**HOW TO COMPLETE THIS TASK**
Wherever an image appears in the data, omit it and copy all the remaining text word for word.

**DATA SEGMENT**
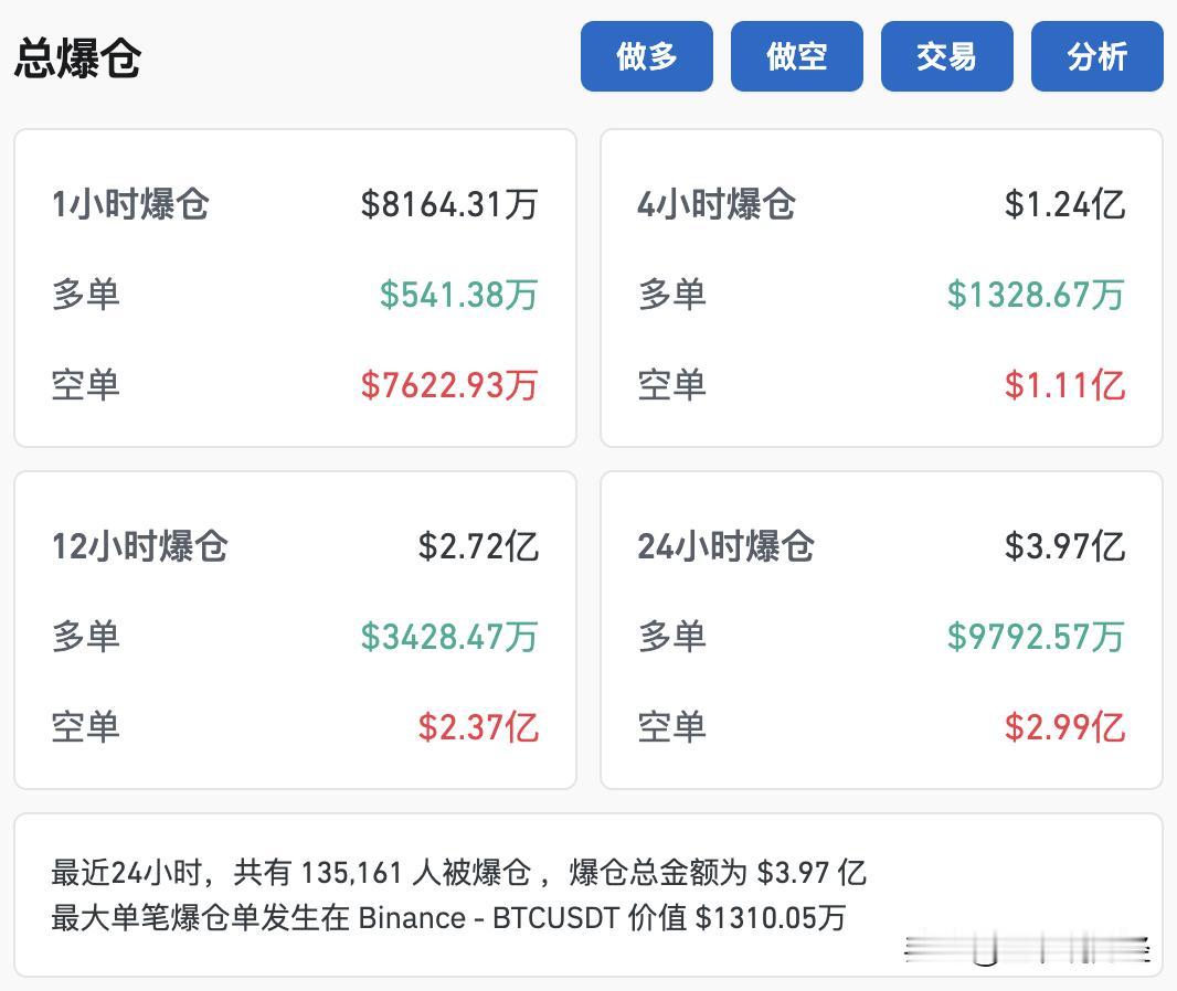 【太疯狂了!比特币突破79000美元!超13万人爆仓!】 11月10日,比特币盘中突破79000美元关口,创历史新高。截至北京时间13:25,比特币报79415.8美元/枚,24小时涨4%。 而CoinGlass数据显示,过去24小时,共有超13.5万人爆仓,爆仓总金额约3.97亿美元。 对此,HashKey Group首席分析师——丁肇飞分析评论称,特朗普锁定胜局对加密行业而言无疑是一个好消息,特朗普竞选期间一直在公共场合表现出对比特币等加密资产的积极态度。而且,他也亲身投入Web3领域——发行NFT、以家族名义推出DeFi项目,还接受比特币作为竞选捐款。 此外,丁肇飞预测,当前特朗普宣布胜选,已被视为加密货币市场的“发令枪”,预计在未来一段时间里,数字货币市场将持续消化这一利好消息。不过,中长期看,比特币等加密货币的涨势和流动性密切相关。 最后,丁肇飞提醒道,特朗普积极的财政政策,或许会导致通胀数据受到影响,继而影响美联储降息的实际进度,这是市场情绪之外,需要警惕的事情。 #比特币突破79000美元# #比特币突破79000美元关口##秋日生活记录#
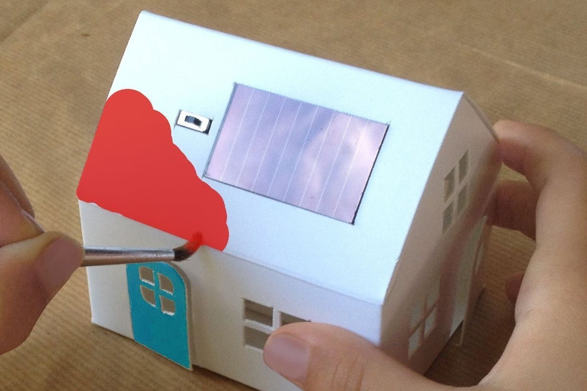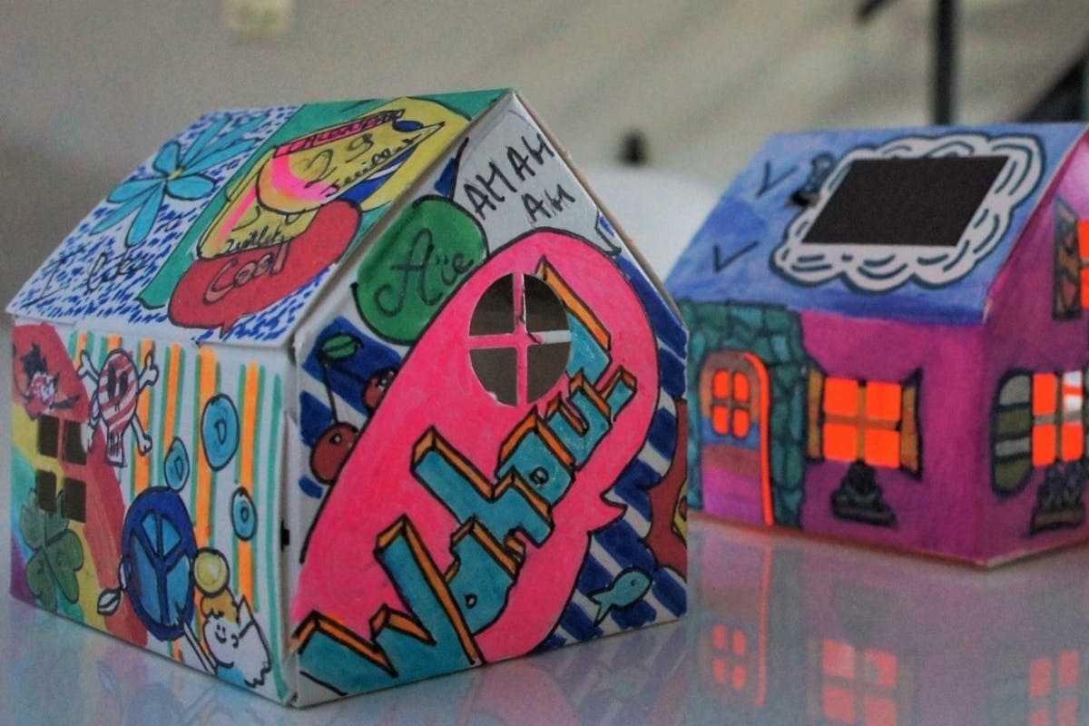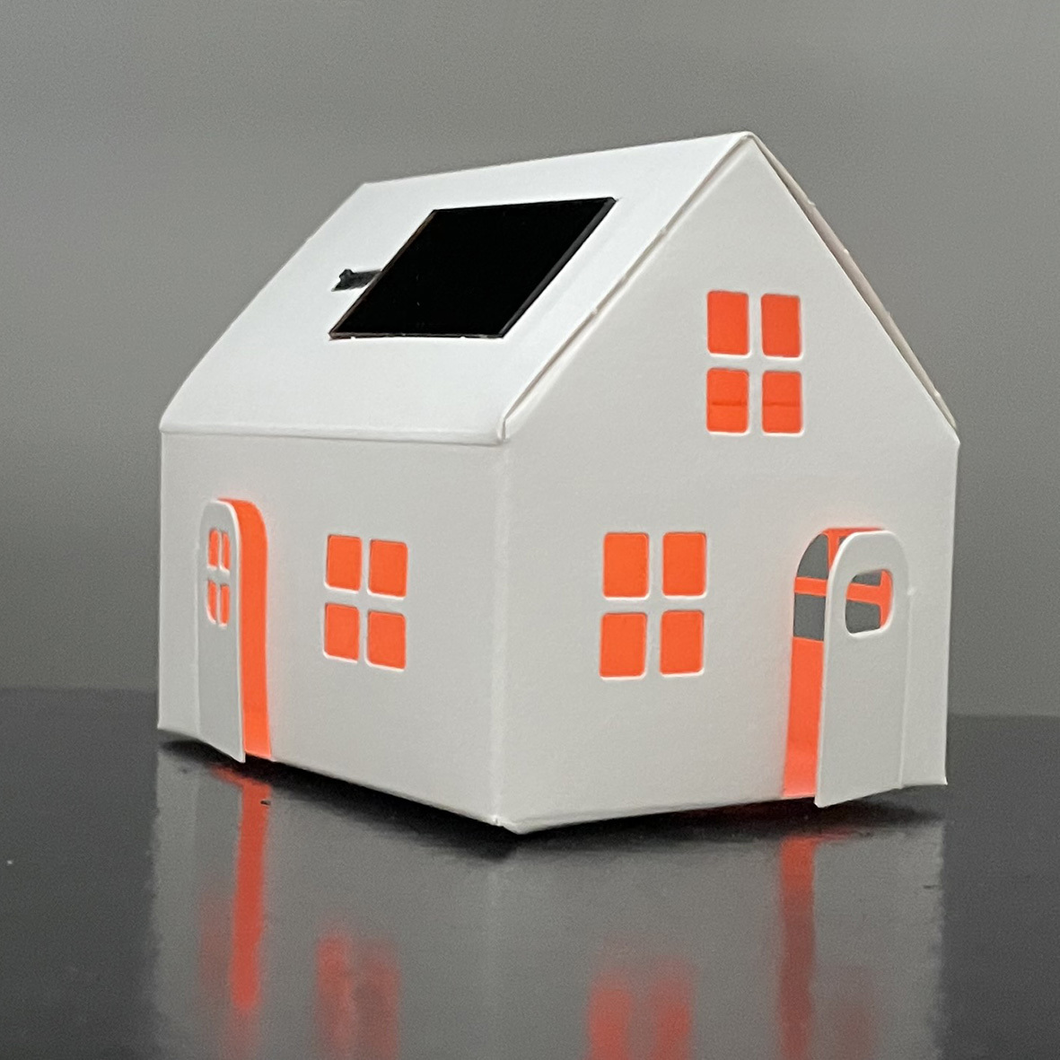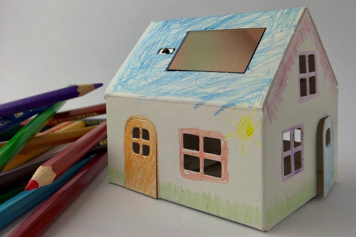 子どもが自分の手で組み立て、絵を描いたりデコレーションしたりして、完成したおうちは太陽の光で充電し、夜にはやさしく灯ります。
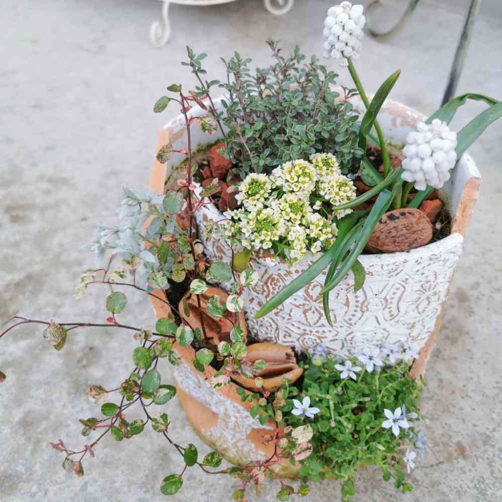 お気に入りのテラコッタ鉢が割れたので😨、ブロークンポットガーデンを作ってみました🌿

**ANSWER SPACE**
 【太疯狂了!比特币突破79000美元!超13万人爆仓!】 11月10日,比特币盘中突破79000美元关口,创历史新高。截至北京时间13:25,比特币报79415.8美元/枚,24小时涨4%。 而CoinGlass数据显示,过去24小时,共有超13.5万人爆仓,爆仓总金额约3.97亿美元。 对此,HashKey Group首席分析师——丁肇飞分析评论称,特朗普锁定胜局对加密行业而言无疑是一个好消息,特朗普竞选期间一直在公共场合表现出对比特币等加密资产的积极态度。而且,他也亲身投入Web3领域——发行NFT、以家族名义推出DeFi项目,还接受比特币作为竞选捐款。 此外,丁肇飞预测,当前特朗普宣布胜选,已被视为加密货币市场的“发令枪”,预计在未来一段时间里,数字货币市场将持续消化这一利好消息。不过,中长期看,比特币等加密货币的涨势和流动性密切相关。 最后,丁肇飞提醒道,特朗普积极的财政政策,或许会导致通胀数据受到影响,继而影响美联储降息的实际进度,这是市场情绪之外,需要警惕的事情。 #比特币突破79000美元# #比特币突破79000美元关口##秋日生活记录#
 子どもが自分の手で組み立て、絵を描いたりデコレーションしたりして、完成したおうちは太陽の光で充電し、夜にはやさしく灯ります。
 お気に入りのテラコッタ鉢が割れたので😨、ブロークンポットガーデンを作ってみました🌿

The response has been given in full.